*Recorded data*:

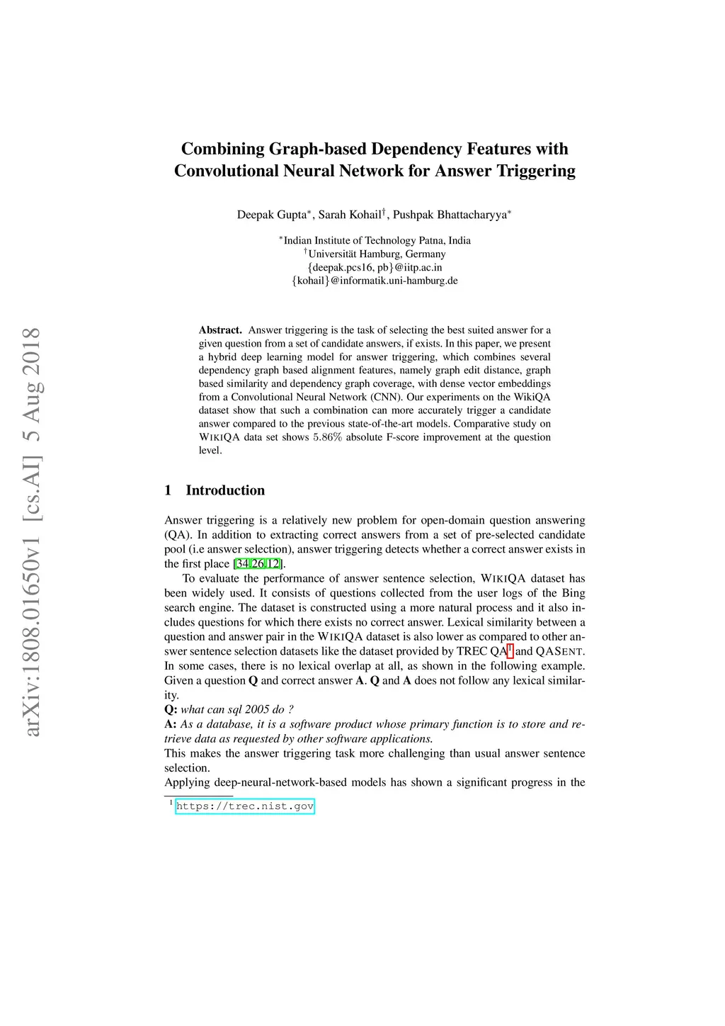 Answer triggering is the task of selecting the best-suited answer for a given question from a set of candidate answers if exists. In this paper, we present a hybrid deep learning model for answer triggering, which combines several dependency graph based alignment features, namely graph edit distance, graph-based similarity and dependency graph coverage, with dense vector embeddings from a Convolutional Neural Network (CNN). Our experiments on the WikiQA dataset show that such a combination can more accurately trigger a candidate answer compared to the previous state-of-the-art models. Comparative study on WikiQA dataset shows 5.86% absolute F-score improvement at the question level.
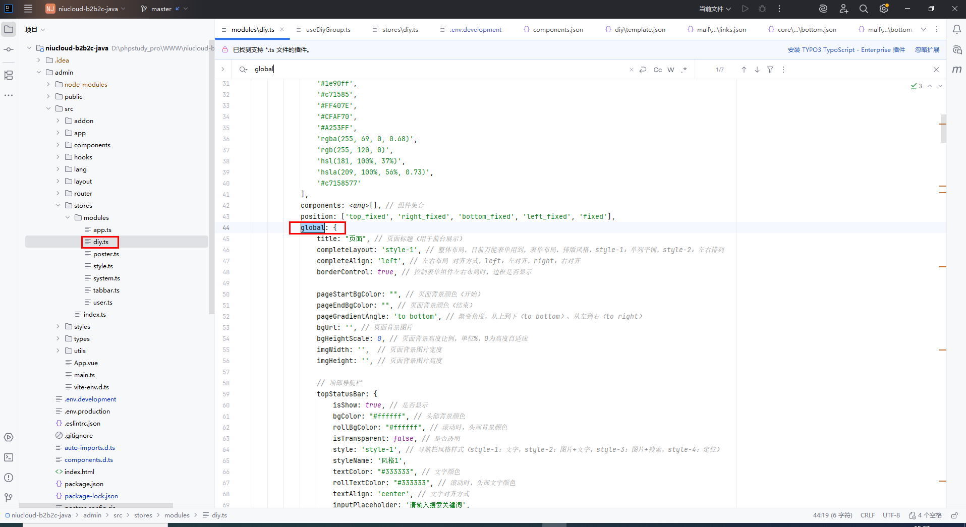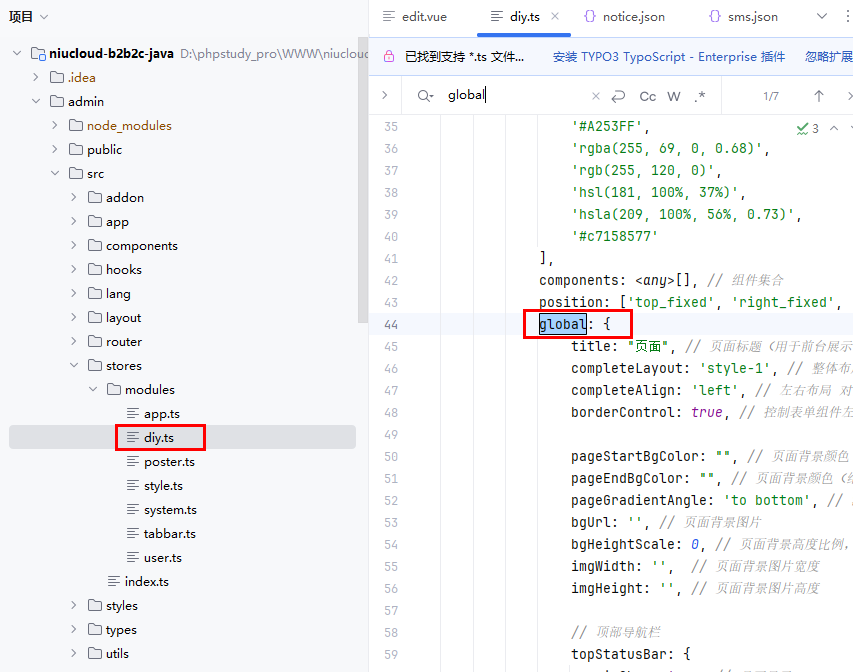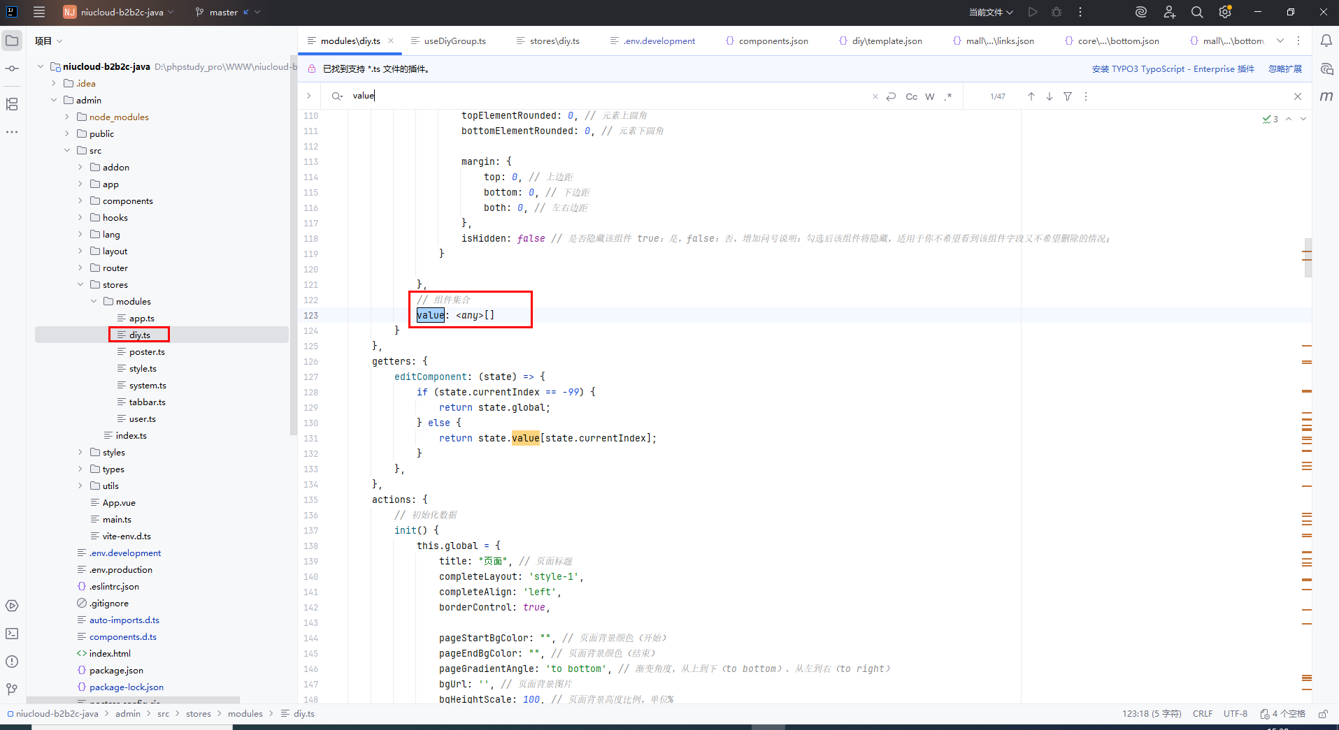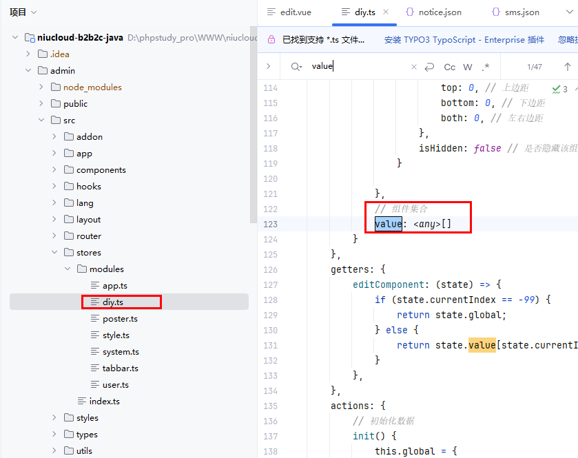 文件位置:admin\src\stores\modules\diy.ts
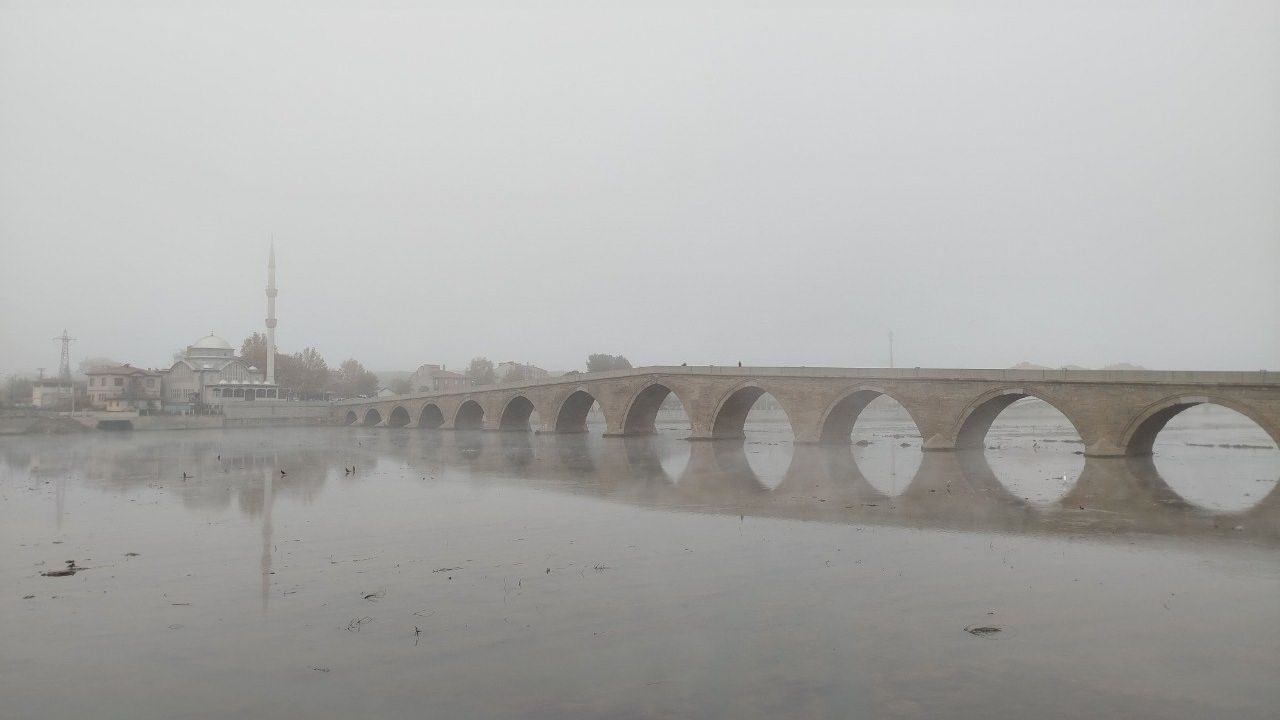Çorum’un Osmancık ilçesinde sabah saatlerinde etkili olan yoğun sis, ilçenin simgesi tarihi Osmancık Kalesi, tarihi köprüde kartpostallık görüntüler oluşturdu.

*Task instructions*: Minus its pictures, the full listing should be copied verbatim.

*Completed task*:
 Answer triggering is the task of selecting the best-suited answer for a given question from a set of candidate answers if exists. In this paper, we present a hybrid deep learning model for answer triggering, which combines several dependency graph based alignment features, namely graph edit distance, graph-based similarity and dependency graph coverage, with dense vector embeddings from a Convolutional Neural Network (CNN). Our experiments on the WikiQA dataset show that such a combination can more accurately trigger a candidate answer compared to the previous state-of-the-art models. Comparative study on WikiQA dataset shows 5.86% absolute F-score improvement at the question level.
 文件位置:admin\src\stores\modules\diy.ts
Çorum’un Osmancık ilçesinde sabah saatlerinde etkili olan yoğun sis, ilçenin simgesi tarihi Osmancık Kalesi, tarihi köprüde kartpostallık görüntüler oluşturdu.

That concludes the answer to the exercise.